Evliya Çelebi also speaks separately of the shamkhal's councillors: "The vizier of the shamkhal-shah is Taqi-Khan. The said khan knows the Qur'an by heart; he is old and pious. After him come: the khan — ruler of the country of Karabudakh; Ulu-Bey, Ali-Bey, Kasym-Bey, Kazanal-Bey, Mukhammed-Bey, Ilkas-Bey, Livardi-Bey, Khaidar-Bey, Khalil-Bey, Choban-Bey, and there are many other beys besides. To them belongs the power. No reception passes without the appearance of the shamkhal-sultan. They call this 'appearing at the khans' assembly.' In it are represented all the khans — rulers of the country. It is this assembly that announces the establishment of any charitable institution for the poor of the city of Tarki."

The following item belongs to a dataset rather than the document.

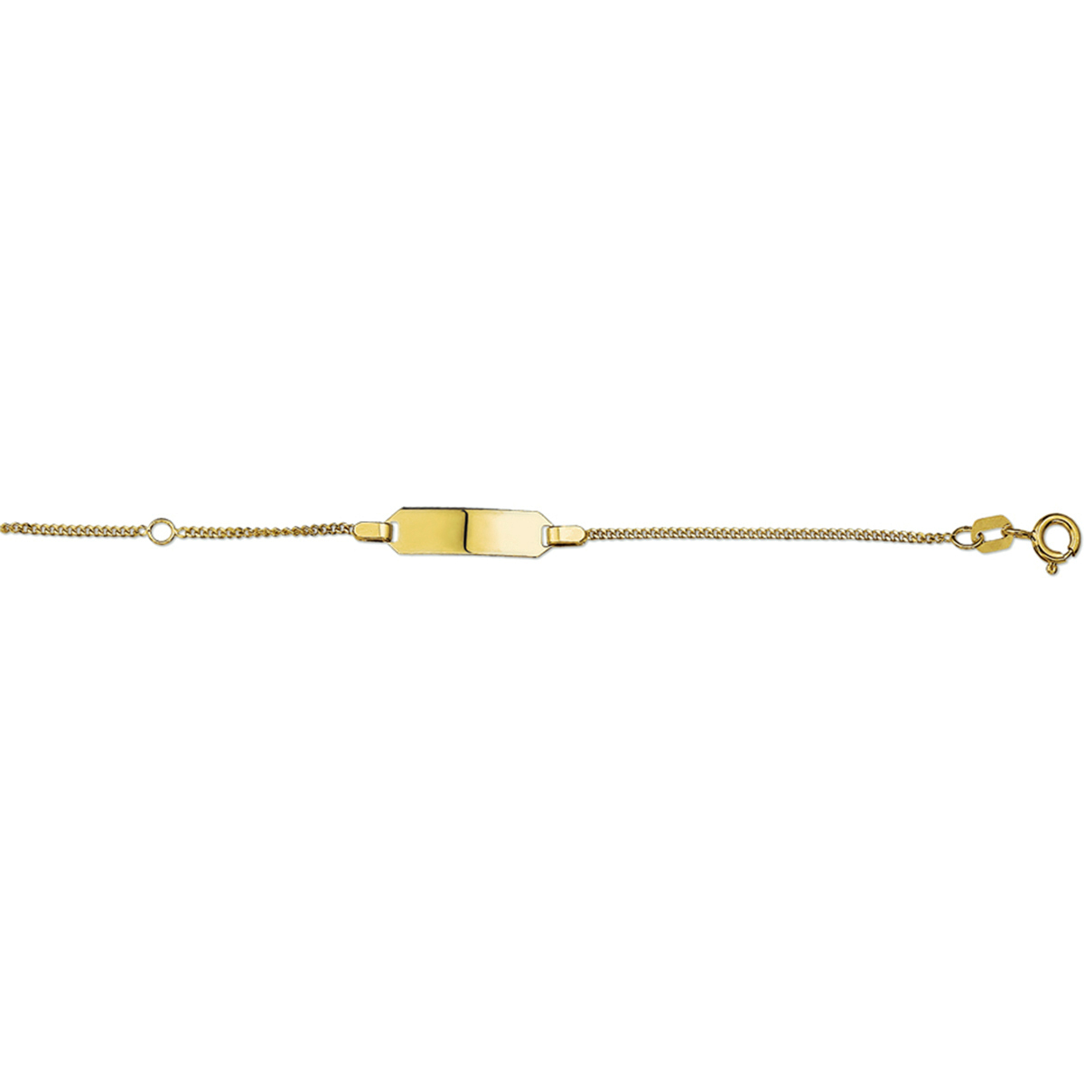 Geelgouden graveerarmband met een poli afwerking. De graveerplaat heeft een dikte van 0.5mm. De schakelbreedte is 1.0mm.

In his telling, the rulers reject luxury and vanity, take care of their subjects — Muslims and non-Muslims alike. The law here is in the hands of the Muslim theologians [10, p. 106]. "Silk is entirely absent from their dress, for being men of temperance they do not wear silk at all, following the hadith: 'He who dresses in finery in this world shall not be clothed in the next'" [10, p. 106]. Çelebi, clearly idealising his subject, asserts that deceit, treachery, and envy are unknown in this country. He considered Dagestan a cultured land for its time.

Olearius's Dagestan

Adam Olearius describes what he saw quite differently. Having noted that Imam-Murza, son of the previous shamkhal Eldar, fears being poisoned by his cousin Surkhay, he quotes from the Bible: "Thy princes are companions of thieves" (Isaiah I). The verse in full reads: "How is the faithful city become an harlot! it was full of judgment; righteousness lodged in it; but now murderers. Thy silver is become dross, thy wine mixed with water: thy princes are rebellious, and companions of thieves: every one loveth gifts, and followeth after rewards: they judge not the fatherless, neither doth the cause of the widow come unto them." Under such circumstances, any "charitable institutions for the poor of the city" were out of the question.

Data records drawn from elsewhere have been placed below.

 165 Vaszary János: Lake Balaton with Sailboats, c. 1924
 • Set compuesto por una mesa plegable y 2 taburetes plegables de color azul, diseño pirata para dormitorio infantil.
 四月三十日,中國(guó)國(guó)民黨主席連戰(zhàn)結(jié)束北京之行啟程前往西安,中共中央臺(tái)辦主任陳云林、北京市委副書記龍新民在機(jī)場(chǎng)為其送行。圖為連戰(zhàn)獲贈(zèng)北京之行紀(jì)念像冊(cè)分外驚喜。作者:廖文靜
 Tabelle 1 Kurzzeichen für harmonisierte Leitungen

In turn, the same Surkhay characterised Sultan-Mahmud (in this case his son, the shamkhal Aydemir) as a bandit to whom bloodshed gives the sole pleasure [6, p. 505].

And yet even the Holstein diplomat could not conceal his admiration for the love of freedom shown by a Kumyk prince — the brother of the future shamkhal Surkhay — designating him by the title Murza, though tinging the passage with irony. He describes a striking episode that took place in 1636 in the Russian fortress of Terki: the Murza, who was in the fortress at the time, refused to stand and drink to the health of the Grand Prince of Moscow. When the Terek service prince Mutsal Cherkassky asked, "Does he not know in whose land he now is?" the Murza boldly replied that he still doubted whether he was in the land of the Grand Prince or in his own…. "For Terki, and this whole region, until quite recently belonged to the Tatars (that is, the Kumyks. — Yu.I., M.-P.A.)," and added on his own account that "…though Mutsal goes about in fine robes, yet he is nothing other than a slave of the Grand Prince; he himself, in his simple robes, is a free prince, subject to no one but God" [6, p. 428].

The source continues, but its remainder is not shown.